3-Proof QA Checklist to Kill AI Slop in Your Email Copy
A reproducible brief -> prompt -> human review -> test workflow to eliminate AI slop and protect email performance. Includes a printable QA checklist.
Stop AI slop from wrecking your inbox: a reproducible QA checklist marketing teams can use today
Hook: You can generate copy at scale, but if your emails read like every other AI output on LinkedIn you'll lose trust, lower engagement, and trigger deliverability filters. This 4-step QA process (brief -> prompt -> human review -> test) and the accompanying downloadable checklist stop vague, generic output — aka AI slop — before it hits subscribers.
Executive takeaway
The fastest way to kill AI slop is not to slow down — it's to add structure. Use a single, reproducible workflow that enforces a strong brief, robust prompt QA, human review with a scoring rubric, and real inbox testing. Below you get the play-by-play, ready-to-use prompt templates, a human review rubric, and a 1-page printable checklist to pin to your workflow board.
Why AI slop matters in 2026
In late 2025 the term "slop" became mainstream after Merriam-Webster named it word of the year for a reason: mass-produced, low-quality AI content dilutes brand voice and reduces engagement.

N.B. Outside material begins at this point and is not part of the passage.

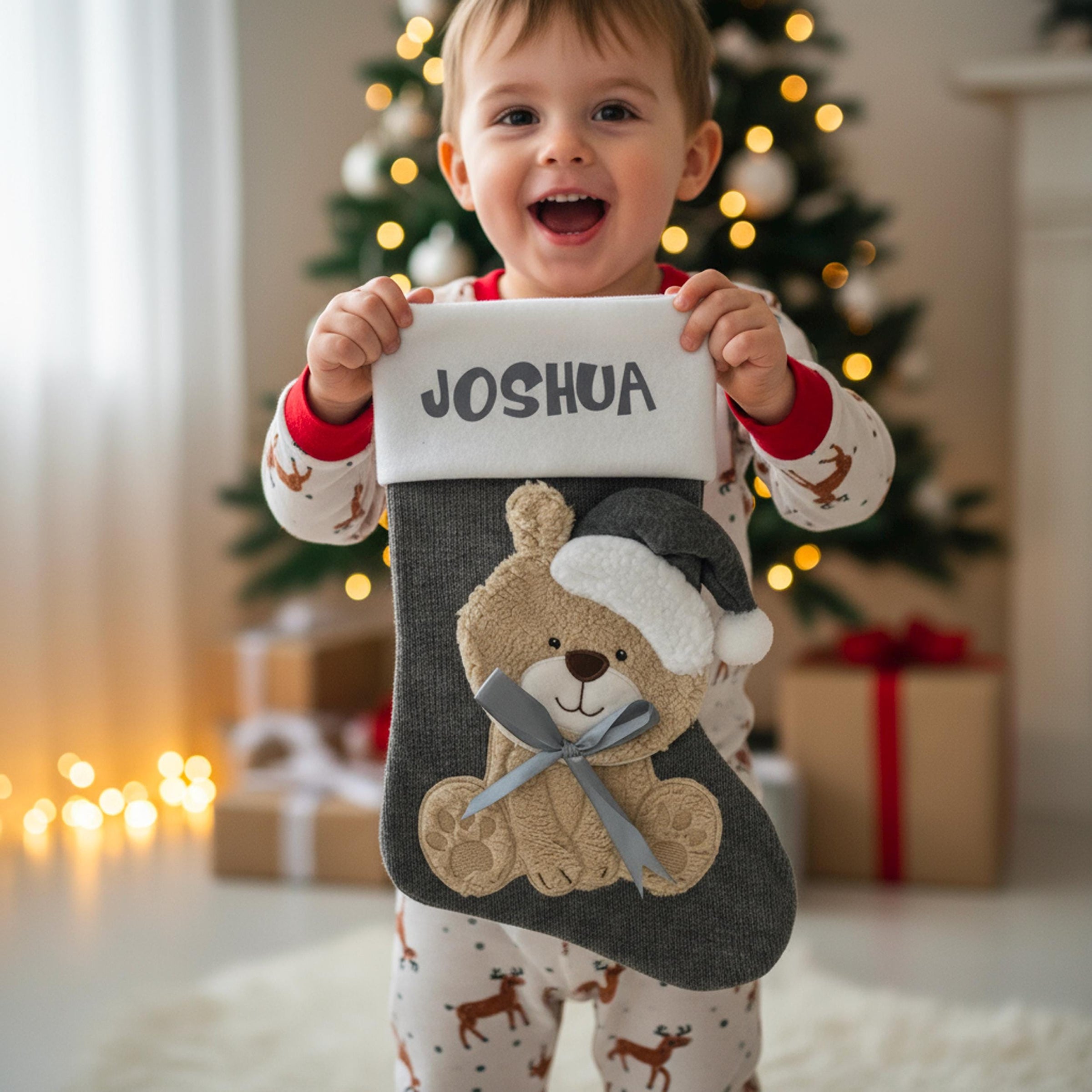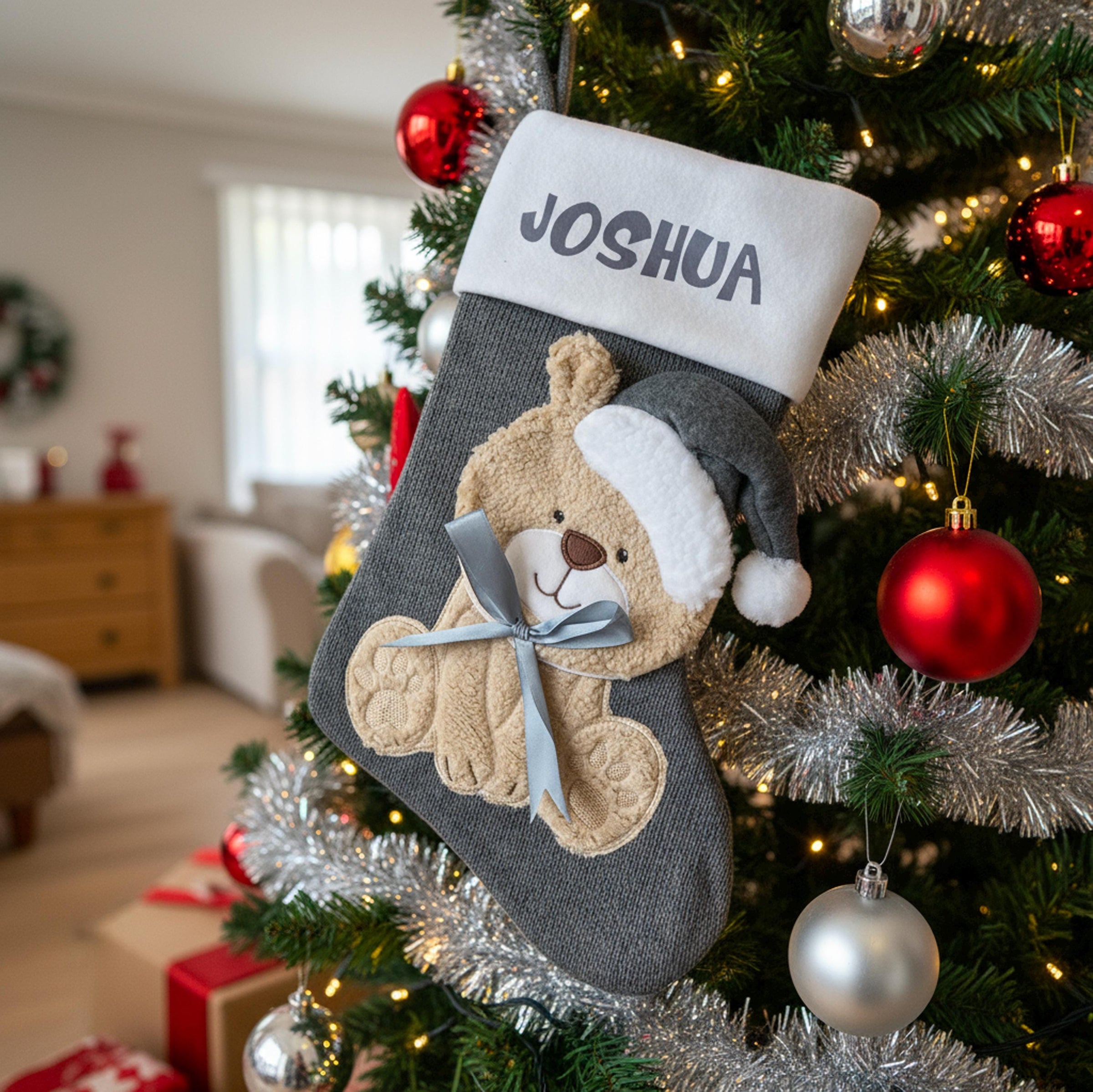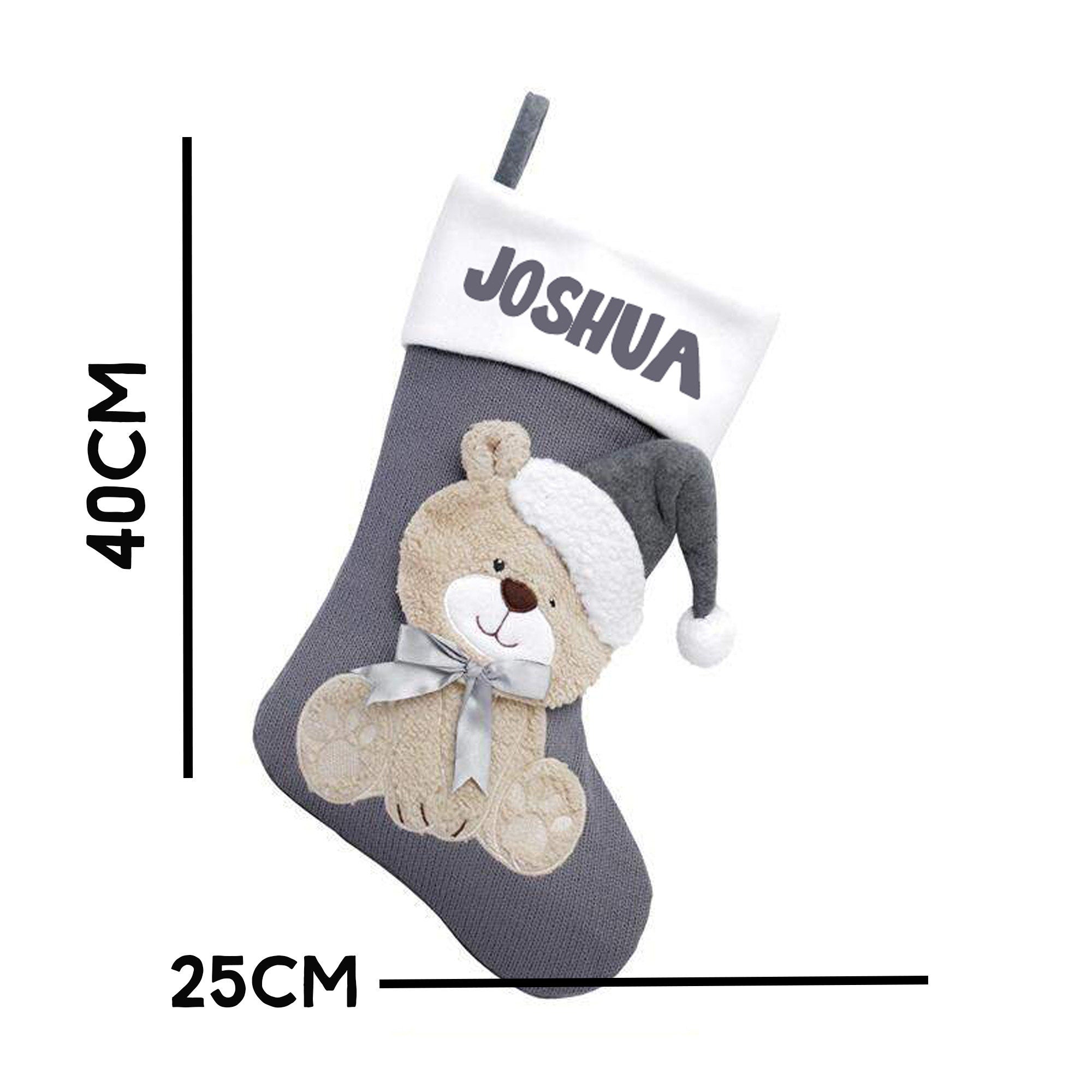 This personalized Christmas stocking is a charming knitted grey stocking featuring a plush teddy bear wearing a festive hat, perfect for kids to enjoy during the holiday season. Measuring 40 cm in height, 25 cm in width, with a 20 cm opening, this luxury lined stocking is crafted from 100% polyester for durability and softness. Personalize this custom name stocking by adding your child's name to make their Christmas morning truly special. The plush teddy stocking design adds a cute Christmas decor touch that doubles as a children’s holiday stocking and a holiday gift bag.

Deliverability providers and ISPs tightened heuristics through 2025 and into 2026 to reward authentic, specific content and penalize templated copy. Industry thought leaders, including deliverability analysts, have called out AI-sounding language as a measurable drag on opens and clicks. For guidance on how mailbox providers and client-side AI may reshape design, see How Gmail’s AI Rewrite Changes Email Design.
"Un-AI your marketing" and protect inbox performance by enforcing authenticity and specificity before send
That means marketing teams need a practical QA framework that prevents slop without adding manual bottlenecks. The next sections explain the 4-stage workflow and give the exact checklists and prompts you can drop into your operations today.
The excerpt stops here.